Woit has some introductory lectures starting with this one located near the end of this page. He teaches that stuff and has also recently linked to new English notes on it by 't Hooft here.

Quite a lot of stuff there I know in a non-technical way because I was interested in the 8 fold way and how all the hadrons are explained in terms of quarks using the SU(2) and SU(3) symmetries (expressed as geometric drawings with the different particles plotted at the vertices). Also, I did quantum mechanics and feel familiar with the Schroedinger equation, etc.

What I don't understand are most existing (modern) textbooks about Lie groups which immediately get into technical details of the mathematical tools and steer clear of solid physics. It's just a drone of trivia, relying on the ability of the reader to memorise it.

Recently however I decided to buy a quantity of books on Lie algebra from the time (or just before the time) that the standard model was being developed, and "Lie Groups for Pedestrians" by Harry Lipkin (2nd ed 1966, reprinted 2002 by Dover) is a relatively painless introduction to the key maths.

From experimental data back in the 1960s, SU(3) was shown to be the correct (predictive, experimentally confirmed) symmetry for strong interactions between hadrons, and to imply quarks.

From the 1970s to the present, we know SU(2) models the weak interaction because the neutral currents of exchanged Z_0 massive, chargeless bosons were observed in interactions in the 1970s and evidence for the massive charged W's was obtained at CERN in 1983.

So there is plenty of evidence that SU(2) with 3 massive gauge bosons models the weak force which left-handed spin fermions experience, as well as quark-antiquark pairing in mesons, and that SU(3) with its 8 gluons describes the triplets of quarks and their binding in baryons.

Where I think the standard model U(1)xSU(2)xSU(3) falls down is in the simplest group U(1) which is used for electromagnetism, and also in lacking gravity.

There are various issues with electromagnetism being modelled by U(1) - it has only a single charge, and only a single electrically neutral gauge boson.
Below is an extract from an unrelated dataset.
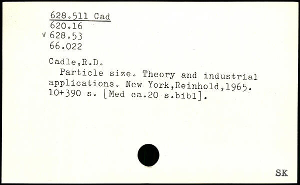 C ad. 1 © s R ,D , Particle size. Theory and industrial applications.

You can't get a 'charged' field mediated by such gauge boson exchange without invoking the fact that the gauge bosons of U(1) are special and have 4 polarizations, the 2 additional polarizations obviously are manifested as electric field. But then you effectively have charged massless gauge bosons, and since they have two charges (positive, negative), you really have 2 distinct gauge bosons. Feynman argues that you can treat positive charge as negative charge going back in time to make U(1) work, but this isn't going anywhere useful. In addition, you then have to introduce a Higgs field to break the U(1)xSU(2) electroweak symmetry, and that can't make falsifiable exact predictions of the Higgs mass because there are various possibilities available.

It would be far more convenient to have SU(2) account for both electromagnetism and the weak force, so that you have two charges but you also have the 3 gauge bosons exist in both massive and massless versions. The two massless charged gauge bosons mediate positive and negative electric fields. The neutral massless gauge boson gives gravity.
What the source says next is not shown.